A New Synthetic Histone Deacetylase Inhibitor, MHY2256, Induces Apoptosis and Autophagy Cell Death in Endometrial Cancer Cells via p53 Acetylation

We previously found a novel a new sirtuin (SIRT) inhibitor MHY2256 that exerts anticancer activity through p53 acetylation in MCF-7 human breast cancer cells. Here, we investigated the anticancer activity of MHY2256 against hormone-related cancer, which is an endometrial cancer with poor prognosis. We found that MHY2256 markedly reduced cellular proliferation at low concentrations against Ishikawa endometrial cancer cells. The IC50 values of MHY2256 were much lower than that of salermide. Furthermore, MHY2256 significantly reduced the protein expression and activities of SIRT1, 2, and 3 with similar effects as salermide, a well-known SIRT inhibitor. Particularly, MHY2256 markedly inhibited tumor growth in a tumor xenograft mouse model of Ishikawa cancer cells. During the experimental period, there was no significant change in the body weight of mice treated with MHY2256. Detailed analysis of the sensitization mechanisms of Ishikawa cells revealed that late apoptosis was largely increased by MHY2256. Additionally, MHY2256 increased G1 arrest and reduced cell cyclic-related proteins, suggesting that apoptosis by MHY2256 was achieved by cellular arrest. Particularly, p21 was greatly increased by MHY225656, suggesting that cell cycle arrest by p21 is a major factor in MHY2256 sensitization in Ishikawa cells.
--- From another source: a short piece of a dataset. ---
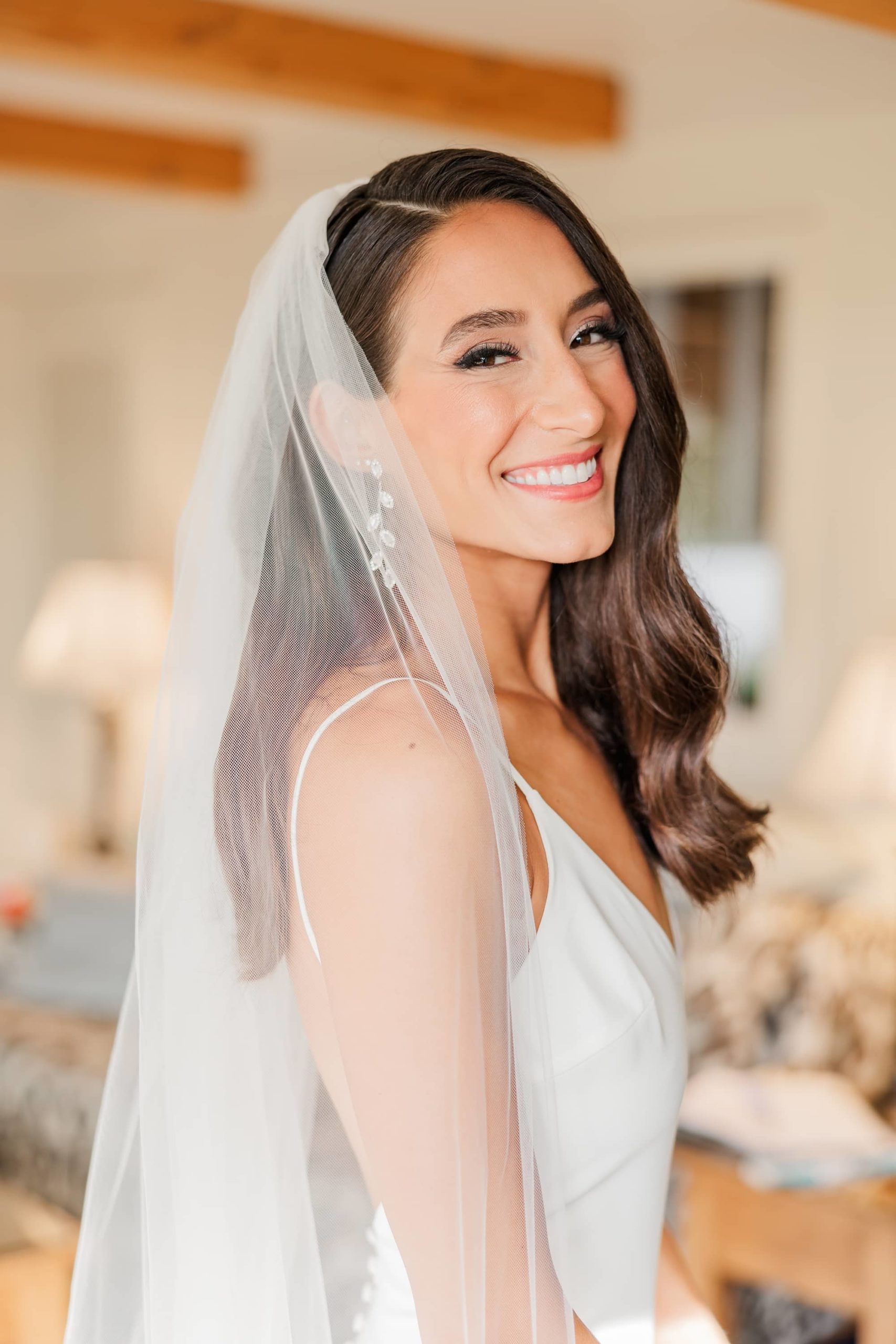 Breanna was the most stunning bride. She is a casual person that loves to dress up. Wanting to stay true to herself, she knew a “simple” dress with one fabric was something she could look back on and be happy about. When Breanna asked Patrick what he thought she would wear his response was “something simple knowing you”. He nailed it. Though the dress was simple, it was absolutely gorgeous. She also wanted to dress it up with the Hollywood glam curls and detailed cathedral veil.
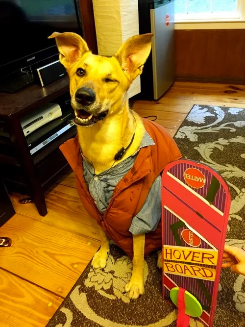 What if Back to the Future director Robert Zemeckis changed the casting of Marty McFly for the third time and replaced Michael J. Fox with a dog? That’d be one cute movie, as evidenced by this cosplaying dog (via Reddit). It’d also be insanely silly. How silly? About as silly traveling to the future to fix an easily preventable event that won’t happen for 30 years — lookin' at you Part 2. So it’d be fun, but kinda pointless when you actually think about it.

We also detected a significant increase in acetylated p53, a target protein of SIRT1, in Ishikawa cells after MHY2256 treatment. In a mouse xenograft model, MHY2256 significantly reduced tumor growth and weight without apparent side effects. These results suggest that MHY2256 exerts its anticancer activity through p53 acetylation in endometrial cancer and can be used for targeting hormone-related cancers.